I am assuming I am not allowed to use what I am demonstring as part of the proof. No clue what do despite staring at it for 15 minutes.
The succession [Xsubn] is defined as
Xsub0 = 0, Xsub(n+1) = Xsubn + n(n+1)
Show that Xsubn = (1/3)(n-1)n(n+1).
I am assuming I am not allowed to use what I am demonstring as part of the proof.
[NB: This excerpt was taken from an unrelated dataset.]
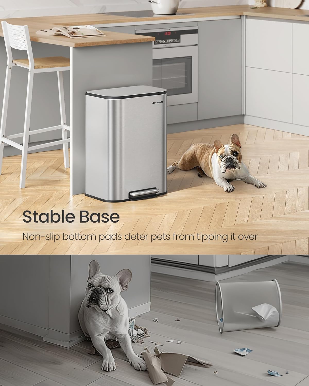 - [Durable and Stable] Made from robust stainless steel, this trash bin is resistant to rust, dirt, and is easy to clean. The base is equipped with non-slip pads to enhance stability, making it difficult for pets to tip it over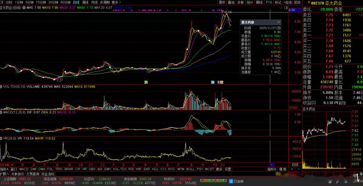 【财富晚茶-午间投资】午盘尾盘:突发养老龙头涨停;亚太药业:前期见顶冲刺前高;沪深北证:体育反弹渔业回调 一、午盘尾盘:突发养老,利好涨停1、突发利好,垂直涨停第一、临近午盘养老概念突然爆发:11月27日早间,A股小幅上扬,深证成指一度冲上13000点,创业板指盘中冲击3100点,上证指数、科创50、沪深300等也纷纷高开高走。上涨个股远多于下跌个股,成交保持平稳。第二、盘面视野涨停潮涌通信设备、固态电池等涨幅居前。弱势群体:影视院线、云服务、海南自贸等板块跌幅居前。第三、临近午盘养老异动瞬间拉升:悦心健康:直线涨停。强势冲高:欧圣电气、亚华电子、信隆健康、奥佳华、澳洋健康等。2、消息27日:国办吹风第一、国务院消息面层面时间节点:11月27日,国新办举行国务院政策例行吹风会。介绍增强:消费品供需适配性进一步促进消费政策措施有关情况。第二、工信部说会同养老协同推进:会同有关:部门加强养老服务机器人、适老鞋服、易吞咽食品等产品研发。谢远生说道:对标《关于增强消费品供需适配性进一步促进消费的实施方案》:到2027年:形成3个万亿级消费领域和10个千亿级消费热点。其中之一:万亿级消费领域包括老年用品、智能网联汽车、消费电子。第三、消费电子利好频频消费电子:早间走强。板块指数:一度放量大涨逾4%。第三、股价逼近历史最高昀冢科技:开盘仅约10分钟20%涨停,股价逼近历史最高点。联得装备:20cm封板。快速涨停:道明光学、福日电子、睿能科技等均在几分钟内潮涌涨停板。二、透析市场:风口公司,上下起伏亚太药业 盘中01涨1、震荡突破:六年箱底视野盘面:前期见顶,冲刺前高:2025-11-30 截至11:00:股价报收:7.70元。股指上涨:1.05%。成交总量::438900手,成交金额:3.34亿元。总换手率5.89%,观总市值:57.42亿元。流通市值:57.34亿元。2、医药研产:行业翘楚主营业务:医药研产和销售。公司品牌:集研产销售一体综合型医药头部企业。3、营收减少:净利优秀业绩好转:2025-09-30 三季度报:公司营收:2.2831亿 同比增-25.59%。公司净利:9719.5012万 同比增2909.49%。三、创作不易:优质网易,财经作者投资投机迷茫之中:给予尽可能有帮助:资本市场风险自负。(优雅端庄晚风《网易号》财经领域创作者和原创作者 违者必究)

No clue what do despite staring at it for 15 minutes.
Hi,
$\displaystyle x_0 = 0$, $\displaystyle x_{n+1} = x_n + n(n+1)$
and we have to prove $\displaystyle x_n = \frac{1}{3}(n-1)n(n+1)$.
We proceed by induction:
$\displaystyle n=0$ .. $\displaystyle x_0 = \frac{1}{3}(0-1)\cdot 0\cdot (0+1) =0$ so the base case holds.
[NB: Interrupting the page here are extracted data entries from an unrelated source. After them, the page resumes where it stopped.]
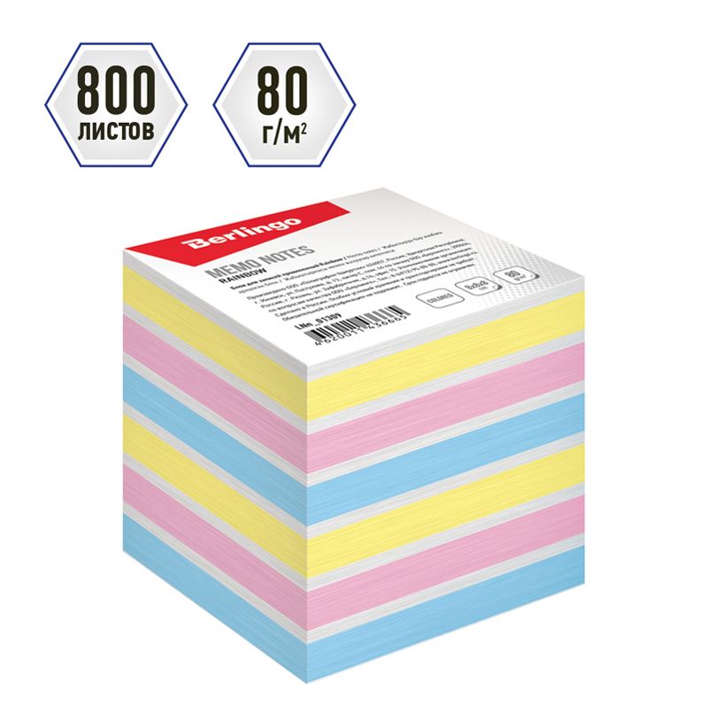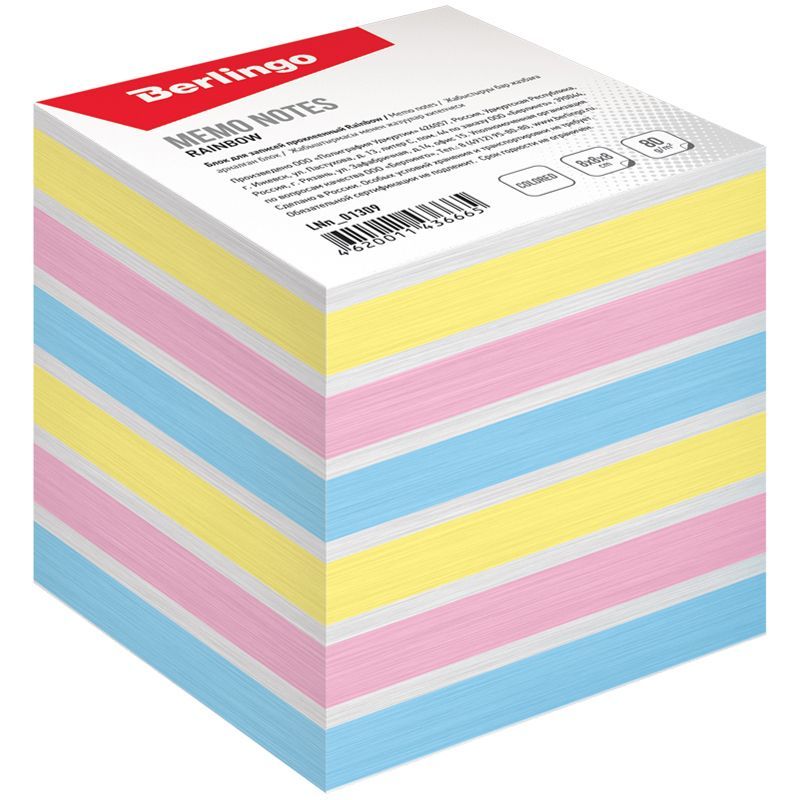 Блок для записи на склейке Berlingo "Rainbow" 8*8*8см, цветной, пастель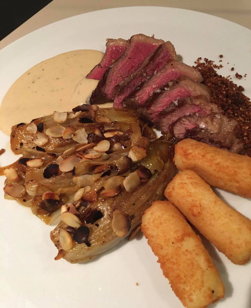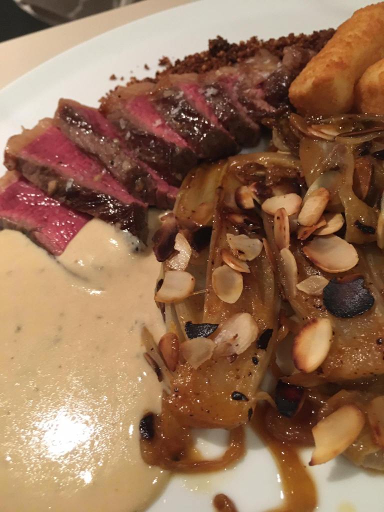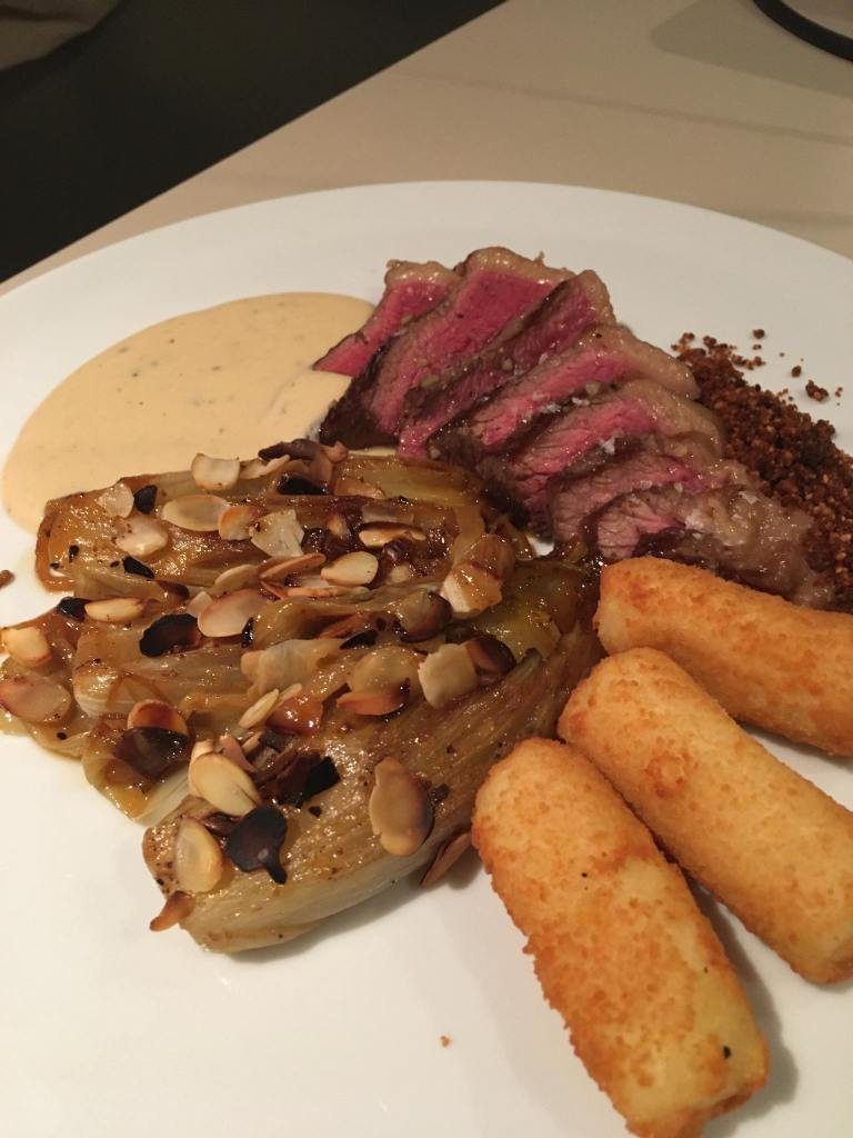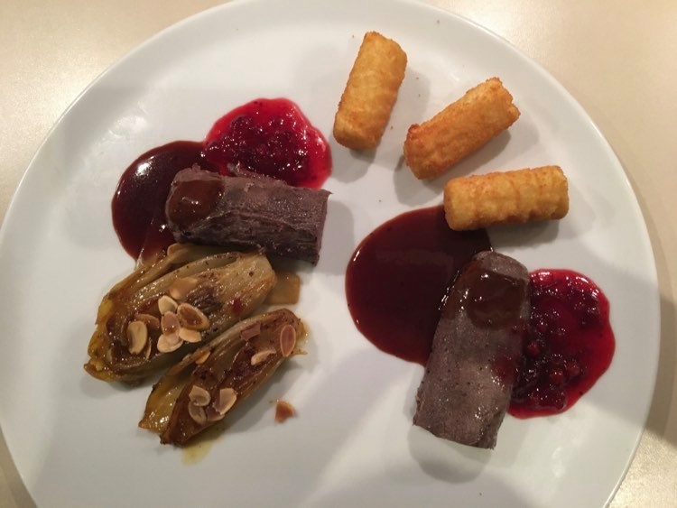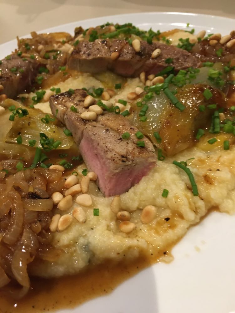 CHICONS BRAISES AU MIEL ET A L’ORANGE, SPIRINGUE AUX OIGNONS AIGRE-DOUX, POLENTA CREMEUSE, PIGNONS ET CIBOULETTE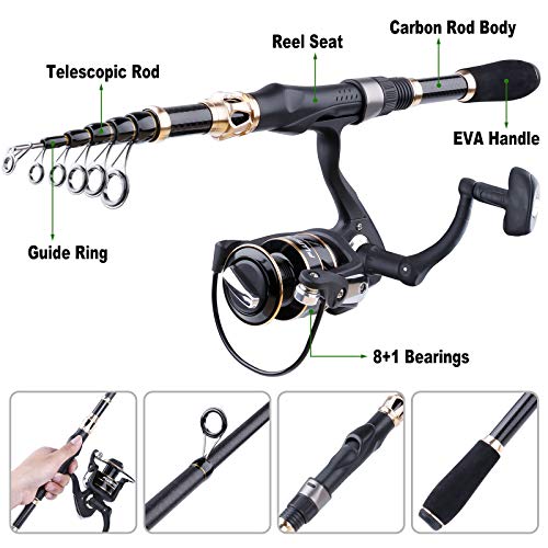 【Angelset mit Bester Wert】 – Es handelt sich um eine All-in-One-Angelset mit Tragtasche und notiwendigem Angelzubehör. Es wird mit einer Teleskop-Angelrute aus Kohlefaser, einer Spinnrolle, einer Angelschnur, einem Angelgerät und einer Reisetasche geliefert.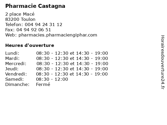 | Lundi | 08:30-12:30 et 14:30-19:00 |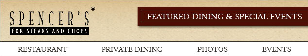 Spencer's is in the business of helping you do business. Do you have a very important client you need to impress? Got a Big Deal working you need to close? Spencer's offers you the perfect location to conduct you business. We have a reputation for serving only Prime Grade Nebraska Beef, award winning wine selections, providing exceptional service, all in a quiet dignified downtown setting. |
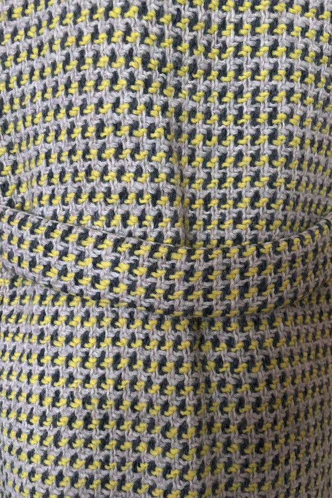 Detail view of 1960s vintage citron yellow, gray, and white bracelet sleeve, knee length wool coat, by Paul Blumenstein, size small to medium. Showing the pocket flaps.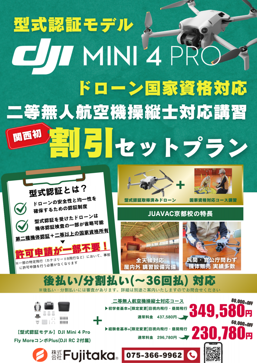 JUAVAC京都校は、小型カメラドローン「DJI Mini4 Pro」と二等無人航空機操縦士対応コース

suppose the statement holds for $\displaystyle n$ and let's prove it holds for $\displaystyle n+1$:
$\displaystyle x_{n+1}= x_n + n(n+1) = \frac{1}{3}(n-1)n(n+1) +n(n+1)$ (by induction hypotheses)
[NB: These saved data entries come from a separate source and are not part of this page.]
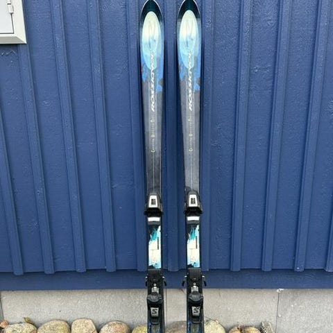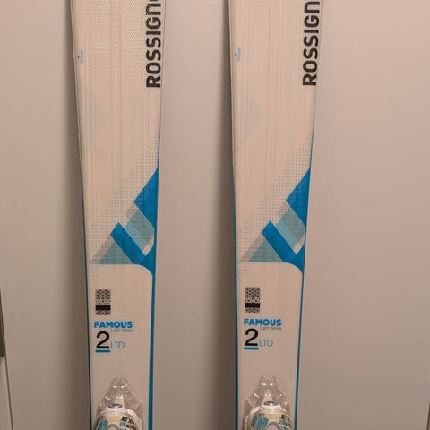 Rossignol Hero skidor med bindningar. Skidorna är röda och svarta med märkets logotyp. De är avsedda för alpin skidåkning och har en design som passar för prestanda på pist.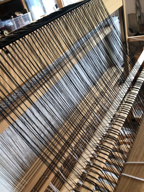 Der blaue Leinenschuss ist mir nach zwei Bahnen ausgegangen. Deshalb habe ich die zwei weiteren Bahnen in braun gewoben. Ich bin ganz glücklich damit!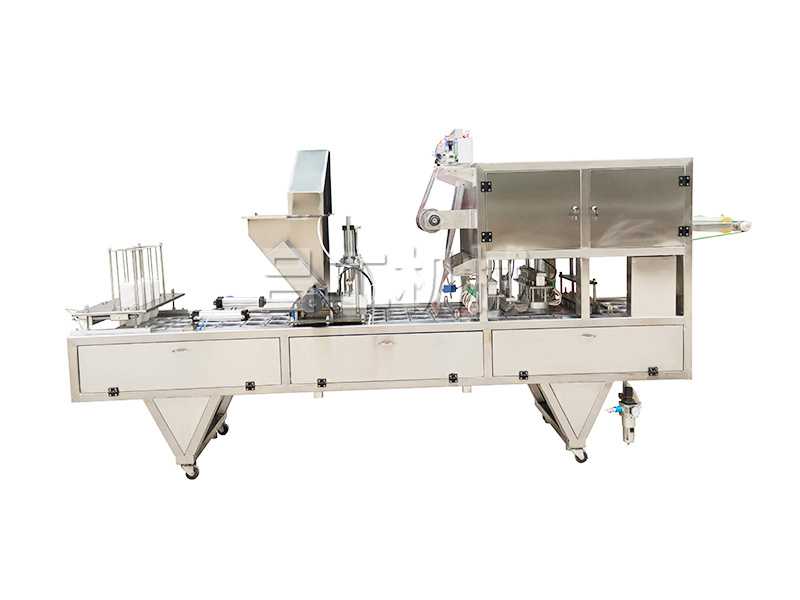 本机采用合理的机械传动,功能齐全,灌装、封口、切边、制品推出,废料收卷,印码等自动化工作,可节约人力,降低成本。本机有二次热封装置,料杯/碗/盒与封膜经过前后二次热封,封口牢固可靠。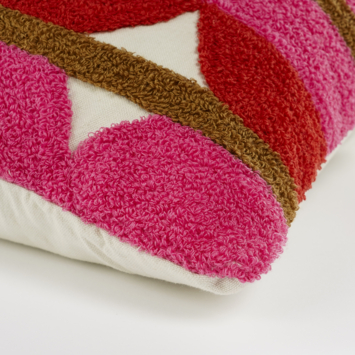 Breng kleur en gezelligheid in huis met dit opvallende sierkussen. Het kussen heeft een getuft patroon in vrolijke tinten roze, rood en bruin. Dit zorgt voor een speels en warm effect in je interieur. Het zachte katoen biedt extra comfort, waardoor het perfect is om op te relaxen. Met afmetingen van L55 x B35 x H10 cm is dit kussen een ideale keuze voor je bank, stoel of bed. Een eenvoudige manier om je interieur meer sfeer en stijl te geven!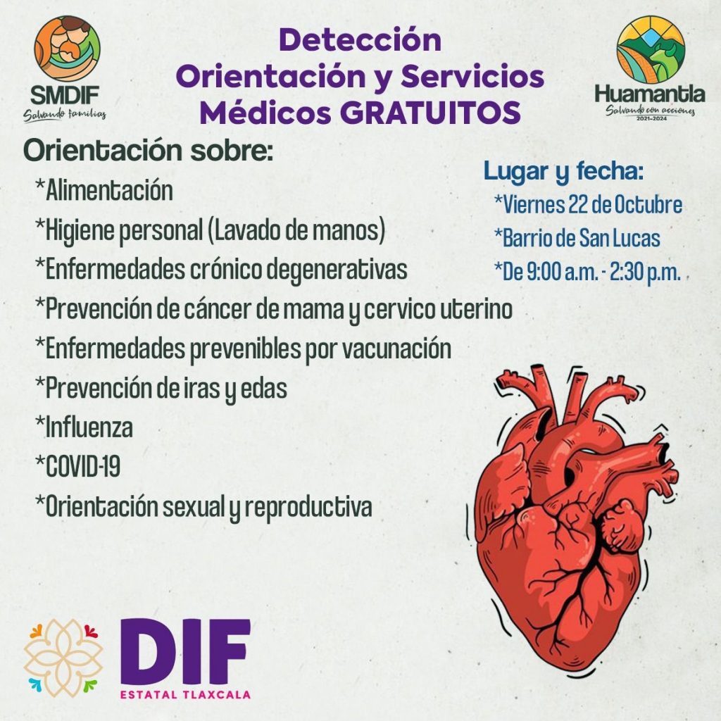 Huamantla, Tlax.- En el marco del 487 Aniversario de la Fundación de Huamantla, el Sistema DIF Municipal de Huamantla a través de su Presidenta Honorífica Karla Menéndez Cedillo, invita a toda la población a que este 22 de octubre se sumen a la campaña de detección, orientación y servicios médicos gratuitos.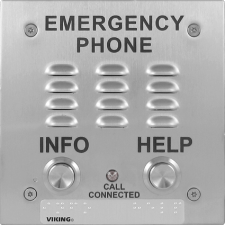 The Viking E-1600-20A ADA Compliant Emergency Phone is designed to provide quick and reliable handsfree communication for any standard analog telephone line or analog phone system station port. The Viking E-1600-20A phone meet ADA requirements for elevator/ emergency telephones and can be programmed from any Touch Tone phone. The phone can dial up to 5 programmable emergency numbers, as well as 2 central station numbers. In addition, the E-1600-20A feature a second "INFO" button that will dial up to 3 non-emergency numbers.

$\displaystyle = n(n+1)(\frac{1}{3}(n-1)+1) = n(n+1)(\frac{1}{3}n+\frac{2}{3}) = \frac{1}{3}n(n+1)(n+2)$
$\displaystyle =\frac{1}{3}((n+1)-1)(n+1)((n+1)+1) $ so the inductive step is done.
But it is perfectly valid to show that what you are given is a solution to an equation by putting it into the equation.
For example, it would be very difficult to solve $\displaystyle x^5- 6x^2- 3x- 2= 0$ but it is very easy to show that x= 2 is a solutions: [tex]2^2- 6(2^2)- 3(2)- 6= 32- 24- 6- 2= 0.
Similarly, here, you are not asked to solve the recursion, just to show that $\displaystyle x_n= \frac{(n-1)n(n+1)}{3}$ satisfies it. And that is basically what Taluivren did.